= Large quasar group =

Large astronomical structure

A large quasar group (LQG) is a collection of quasars (a form of supermassive black hole active galactic nuclei) that form what are thought to constitute the largest astronomical structures in the observable universe. LQGs are thought to be precursors to the sheets, walls and filaments of galaxies found in the relatively nearby universe.

==Prominent LQGs==
On January 11, 2013, the discovery of the Huge-LQG was announced by the University of Central Lancashire, as the largest known structure in the universe by that time.

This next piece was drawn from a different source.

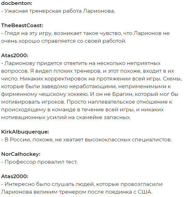 По мнению заокеанских фанатов, главный тренер россиян Игорь Ларионов допустил ряд тактических ошибок, которые и стали причиной поражения России минувшей ночью.
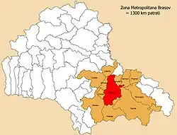 The Brașov metropolitan area is a metropolitan area in Brașov County, Romania, that includes the municipality of Brașov and 12 other nearby communities. It was constituted in 2007[2] with the aim of creating business opportunities, building and administering of living spaces and recreational areas, to attract more consistent investment, and to coordinate better environment and infrastructure projects. As of 2021, the metropolitan area has a population of 371,802, of whom 237,589 live in Brașov.[1] The total area is 1,368.5 km2.

It is composed of 74 quasars and has a minimum diameter of 1.4 billion light-years, but over 4 billion light-years at its widest point. According to researcher and author, Roger Clowes, the existence of structures with the size of LQGs was believed theoretically impossible. Cosmological structures had been believed to have a size limit of approximately 1.2 billion light-years.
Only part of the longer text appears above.